• Filipe Manana's avatar
    btrfs: fix directory logging due to race with concurrent index key deletion · 8bb6898d
    Filipe Manana authored
    
    
    Sometimes we log a directory without holding its VFS lock, so while we
    logging it, dir index entries may be added or removed. This typically
    happens when logging a dentry from a parent directory that points to a
    new directory, through log_new_dir_dentries(), or when while logging
    some other inode we also need to log its parent directories (through
    btrfs_log_all_parents()).
    
    This means that while we are at log_dir_items(), we may not find a dir
    index key we found before, because it was deleted in the meanwhile, so
    a call to btrfs_search_slot() may return 1 (key not found). In that case
    we return from log_dir_items() with a success value (the variable 'err'
    has a value of 0). This can lead to a few problems, specially in the case
    where the variable 'last_offset' has a value of (u64)-1 (and it's
    initialized to that when it was declared):
    
    1) By returning from log_dir_items() with success (0) and a value of
       (u64)-1 for '*last_offset_ret', we end up not logging any other dir
       index keys that follow the missing, just deleted, index key.
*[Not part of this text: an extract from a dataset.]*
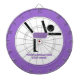 Gymnastics gifts, gymnastics performer custom dart boardj a minimalist black icon of a gymnast wearing a purple leotard with a purple border around. Personalize it and change text with monogram, name or your message. The perfect gift ideas for the gymnastics athlete, lover or those who do it as a hobby.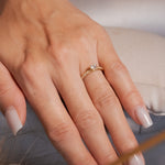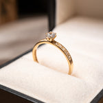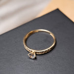 Anel solitário de ouro amarelo com topázio incolor de 0.25 quilates e peso de 1.7g.

The
       (u64)-1 value makes log_directory_changes() not call log_dir_items()
       again;
    
    2) Before returning with success (0), log_dir_items(), will log a dir
       index range item covering a range from the last old dentry index
       (stored in the variable 'last_old_dentry_offset') to the value of
       'last_offset'. If 'last_offset' has a value of (u64)-1, then it means
       if the log is persisted and replayed after a power failure, it will
       cause deletion of all the directory entries that have an index number
       between last_old_dentry_offset + 1 and (u64)-1;
    
    3) We can end up returning from log_dir_items() with
       ctx->last_dir_item_offset having a lower value than
       inode->last_dir_index_offset, because the former is set to the current
       key we are processing at process_dir_items_leaf(), and at the end of
       log_directory_changes() we set inode->last_dir_index_offset to the
       current value of ctx->last_dir_item_offset. So if for example a
       deletion of a lower dir index key happened, we set
       ctx->last_dir_item_offset to that index value, then if we return from
       log_dir_items() because btrfs_search_slot() returned 1, we end up
       returning from log_dir_items() with success (0) and then
       log_directory_changes() sets inode->last_dir_index_offset to a lower
       value than it had before.
       This can result in unpredictable and unexpected behaviour when we
       need to log again the directory in the same transaction, and can result
       in ending up with a log tree leaf that has duplicated keys, as we do
       batch insertions of dir index keys into a log tree.
    
    So fix this by making log_dir_items() move on to the next dir index key
    if it does not find the one it was looking for.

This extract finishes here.